= Abul Hassan (West Bengal politician) =

Abul Hassan (born 1917) was an Indian politician and trade unionist, belonging to the Communist Party of India (Marxist). He was a member of the West Bengal Legislative Assembly from 1969 to 1970 and from 1977 to 1982.

==Biography==
Abul Hassan was born on April 10, 1917, in the United Provinces of Agra and Oudh, the son of Tajammul Hossain. He joined politics in 1931 and became a member of the Communist Party of India in 1942. He became the vice president of the Bengal Chatkal Mazdoor Union in 1959.

During the 1964 split in the Communist Party of India, Abul Hassan sided with the Communist Party of India (Marxist). In 1967, he became the working president of the Hindusthan Motor Workers Union and vice president of the Metal Engineering Federation Workers Union.
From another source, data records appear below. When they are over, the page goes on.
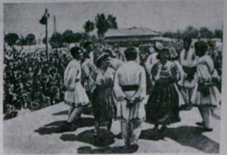
Румынская Народная Республика. Народные гулянья в селе Шолдан Бухаресской области.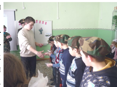
Родители учащихся 4 класса

Мероприятие прошло в веселой и незаурядной обстановке, все присутствующие получили заряд праздничного настроения. Хочется поблагодарить классных руководителей начальных классов за организацию мероприятия. Постараемся в будущем быть постоянными гостями и участниками всех школьных дел. Спасибо!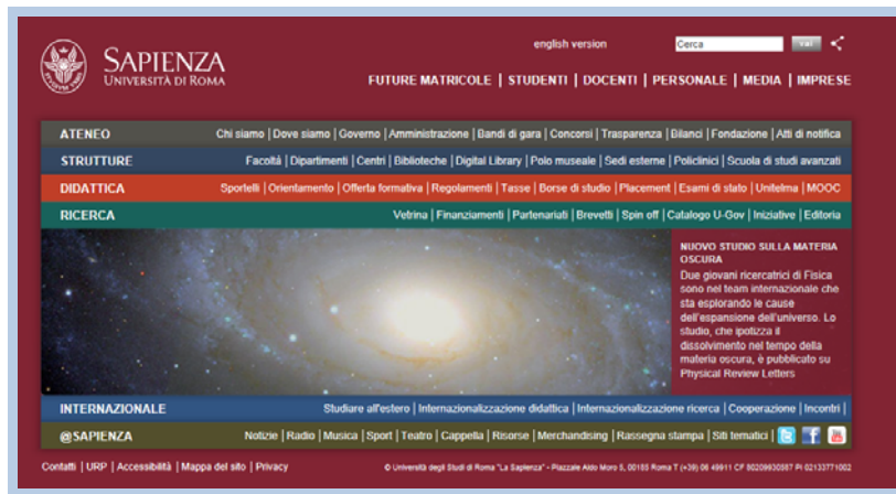
Web principal de La Sapienza

Todo ello con el objetivo de tener en cuenta las diferentes audiencias y de adaptar la página no sólo a la estructura lógica de los contenidos, sino al uso que de ella hacen los usuarios: explicó por ejemplo que los estudios demuestran que los jóvenes no buscan siguiendo la estructura sino que usan los buscadores internos de las páginas. Para ello, quieren: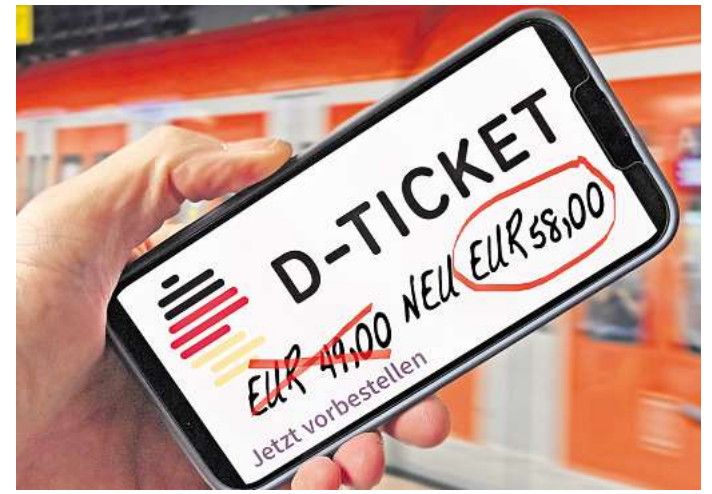
Das D-Ticket wird teurer: Der Preis steigt von 49 auf 58 Euro.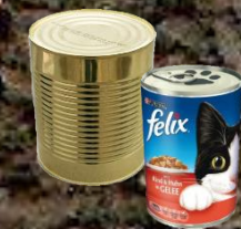
plechovky 15-100 let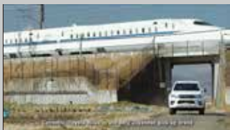
* TOYOTA Thai / HILUX Web用映像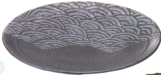
ヒ-13301 614306 8,000円 青海波10.0大皿 10入 32.2×4.5cm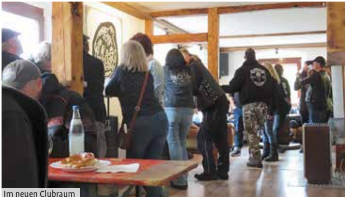
Im neuen Clubraum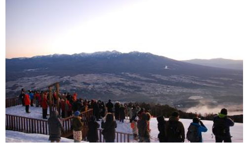
御来光に照らされる八ヶ岳連峰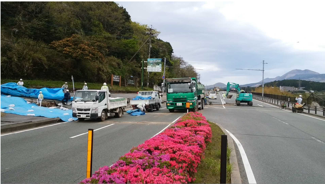
▲南阿蘇村立野国道 57 号被災状況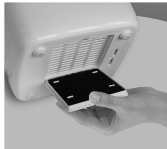
Рис. 9 Фильтр очистки воздуха Pre-filter

Воздух может содержать в себе различные примеси, которые могут при дыхании попадать в дыхательные пути человека или оседать в приборах. Фильтр очищает воздух от крупных фрагментов пыли, шерсти и защищает внутреннюю часть прибора и комплектующие от пыли и прочих примесей.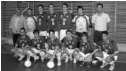
Denboraldi honetan jokalariek gazteak dira nagusi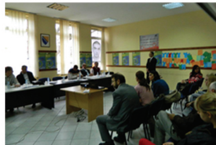
Forum projekta „Mladi u eko sektoru“

Abul Hassan contested the Taltola seat in the 1967 West Bengal Legislative Assembly election. He finished in second place with 12,041 votes (33.72%).

He would again contest the Taltola seat in the 1969 West Bengal Legislative Assembly election, this time winning the seat and obtaining 22,506 votes (59.90%). In 1970, he became a member of the General Council of the Centre of Indian Trade Unions (CITU) and the president of both the Kesoram Rayon Workers' Union and the Employees' Union. He was also a member of the CITU West Bengal State Committee.

Abul Hassan lost the Taltola seat in the 1971 West Bengal Legislative Assembly election, finishing in second place with 13,217 votes (44.28%). He tried to regain the Taltola seat in the 1972 West Bengal Legislative Assembly election, obtaining 17,355 votes (45.41%) and again finishing in second place.

Ahead of the 1977 West Bengal Legislative Assembly election, the CPI(M) fielded Abul Hassan as its candidate for the Bow Bazar seat. He won the seat, obtaining 13,996 votes (38.54%). Abul Hassan lost the Bow Bazar seat in the 1982 West Bengal Legislative Assembly election, finishing in second place with 22,615 votes (44.67%).